Но истинным центром всего пиетизма и мистицизма является реформатская община в Эльберфельде. Испокон веку она отличалась строго кальвинистским духом, который в последние годы, в результате назначения самых ханжеских проповедников, – сейчас их там хозяйничает сразу четверо, – превратился в самую дикую нетерпимость и мало чем отличается от папистского духа. Там на собраниях учиняют форменные судилища над еретиками; там обсуждается поведение каждого, кто не посещает собраний; там рассуждают следующим образом: такой-то читает романы, и хотя в заголовке и значится «христианский роман», но ведь пастор Круммахер объявил романы безбожными книгами; а такой-то, казалось, был богобоязненным человеком, но третьего дня его видели на концерте, и они всплескивают руками в ужасе от неслыханного греха. А если какой-нибудь проповедник прослывёт рационалистом (так именуют они всякого, кто хоть на йоту разойдётся с ними во мнениях), то его уже не оставят в покое, за ним тщательно следят, совершенно ли чёрный на нём сюртук и вполне ли правоверного цвета на нём брюки; и горе ему, если его увидят в сюртуке с синеватым отливом или в рационалистическом жилете! Если же окажется, что кто-либо не верит в предопределение, то над ним тотчас же будет произнесён приговор, что он не намного лучше лютеранина, а лютеранин ведь недалеко ушёл от католика, ну а католик и идолопоклонник прокляты по самой природе своей. Но что же это за люди, которые так говорят? – Невежды, которые вряд ли знают, на каком языке написана библия – на китайском, на еврейском или же на греческом – и судят обо всём, к месту или не к месту, со слов какого-нибудь проповедника, раз и навсегда признанного правоверным.

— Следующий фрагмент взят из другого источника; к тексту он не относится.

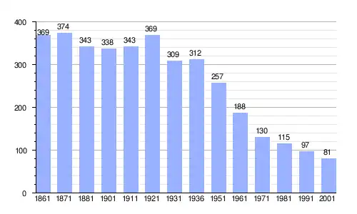 | Gráfica de evolución demográfica de Igliano entre 1861 y 2001 |
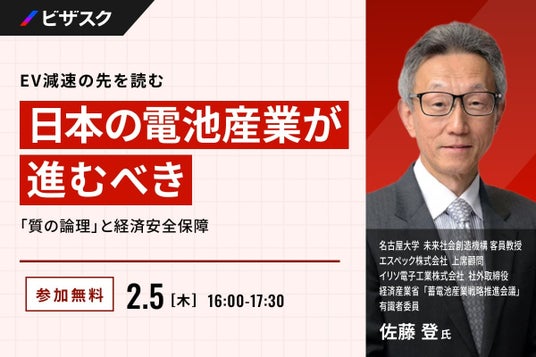 「知見と、挑戦をつなぐ」をミッションにグローバルなナレッジプラットフォームを運営する株式会社ビザスク(以下、当社)は、『日本の電池産業が進むべき「質の論理」と経済安全保障』をテーマに、名古屋大学 未来社会創造機構 客員教授、エスペック株式会社 上席顧問、イリソ電子工業株式会社 社外取締役、経済産業省「蓄電池産業戦略推進会議」有識者委員でもある 佐藤 登氏 ご登壇による無料オンラインセミナーを 2/5 (木) 16:00 より開催します。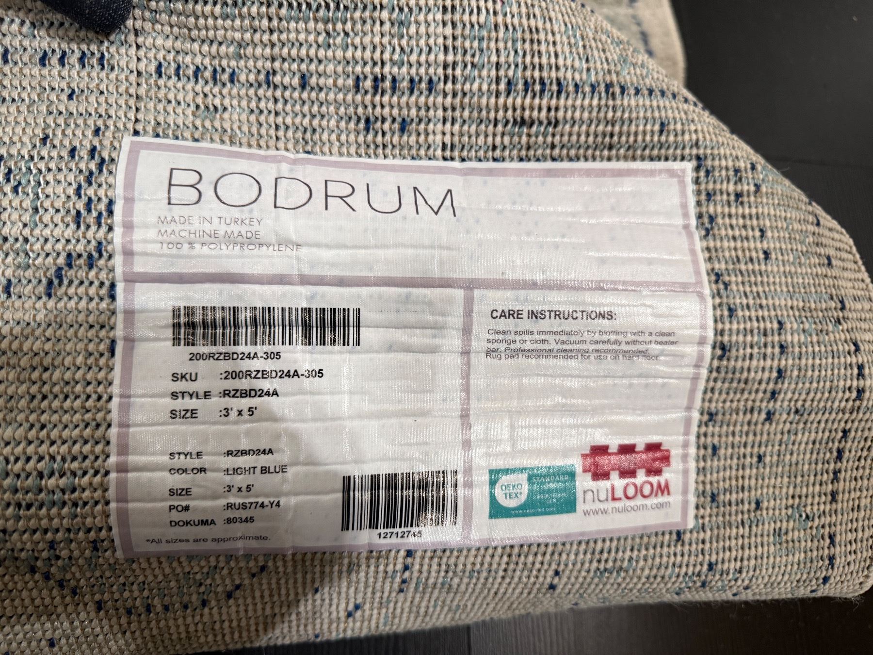 Bodrum Light Blue Turkish Rug - Approx 36in x 60in

Этот дух существовал с тех пор, как реформаты получили здесь преобладание, но оставался незаметным, пока проповедник Г. Д. Круммахер, умерший несколько лет назад, не принялся всячески его культивировать именно в этой общине; вскоре мистицизм расцвёл пышным цветом, но Круммахер умер раньше, чем плод созрел; произошло это уже при его племяннике, д-ре Фридрихе Вильгельме Круммахере, который так тонко усовершенствовал и уточнил это учение, что недоумеваешь, за что принять всё в целом – за нелепость или кощунство. Итак, плод созрел, но никто не в состоянии сорвать его и поэтому он со временем неизбежно сгниёт и отпадёт самым жалким образом.

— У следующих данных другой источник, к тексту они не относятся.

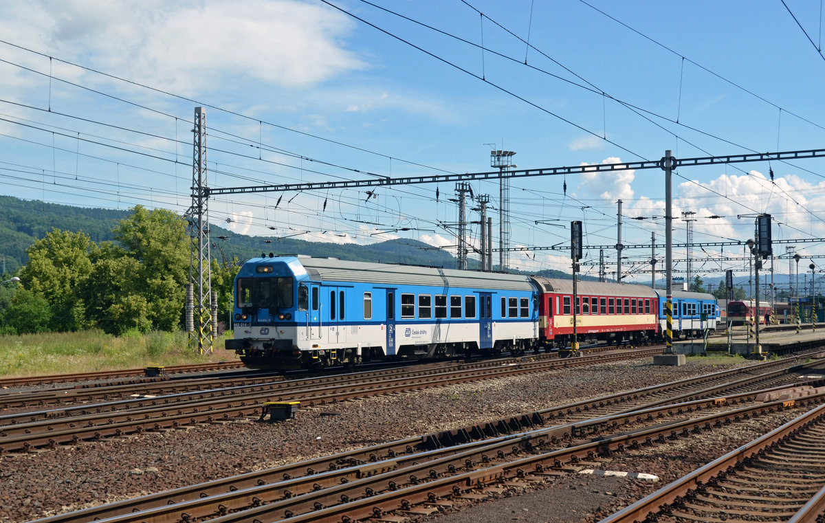 146014 war mit moderner Dosto Einheit am 25.5.2016 um 10.17 Uhr im Elbtal bei Königstein nach Bad Schandau unterwegs.

Готфрид Даниель Круммахер, брат известного своими притчами д-ра Ф. А. Круммахера в Бремене, умер около трёх лет назад в Эльберфельде после долголетней службы. Когда больше двадцати лет назад один проповедник в Бармене стал излагать с кафедры учение о предопределении не в столь строгой форме, как Круммахер, то прихожане начали курить в церкви, подняли шум и стали прерывать его речь под тем предлогом, что такая еретическая проповедь – вовсе не проповедь, так что власти были вынуждены вмешаться. Тогда Круммахер написал барменскому магистрату ужасающе грубое письмо, наподобие того, какое Григорий VII написал бы Генриху IV[116], и повелел не трогать ханжей, ибо они, мол, только защищали дорогое их сердцу евангелие; в том же роде он произнёс и проповедь. Но его только высмеяли. Всё это характеризует тот дух, которому он остался верен до самой своей смерти. К тому же, он отличался такими странностями, что про него ходили тысячи анекдотов, судя по которым его следует считать либо большим чудаком, либо исключительно грубым человеком.

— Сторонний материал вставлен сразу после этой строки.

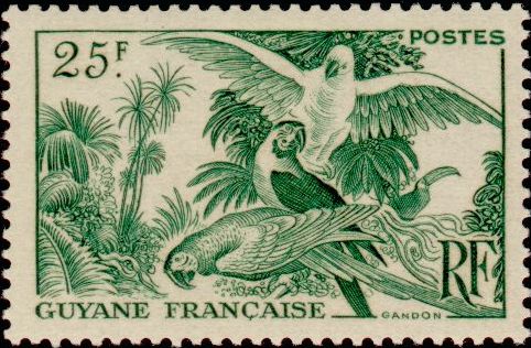 25f., vert-jaune Y&T N°216 Issued on 1947 Aspects de la Guyane |

Д-р Фридрих Вильгельм Круммахер, человек лет сорока, высокий, крепкий, с внушительной фигурой; однако, с тех пор как поселился в Эльберфельде, он начал заметно увеличиваться в объёме. Причёску он носит весьма своеобразную, в чём ему подражают все его приверженцы. Кто знает, быть может, когда-нибудь ещё станет модой носить волосы а lа Круммахер, однако такая мода превзошла бы по безвкусице все предшествовавшие, даже пудреные парики.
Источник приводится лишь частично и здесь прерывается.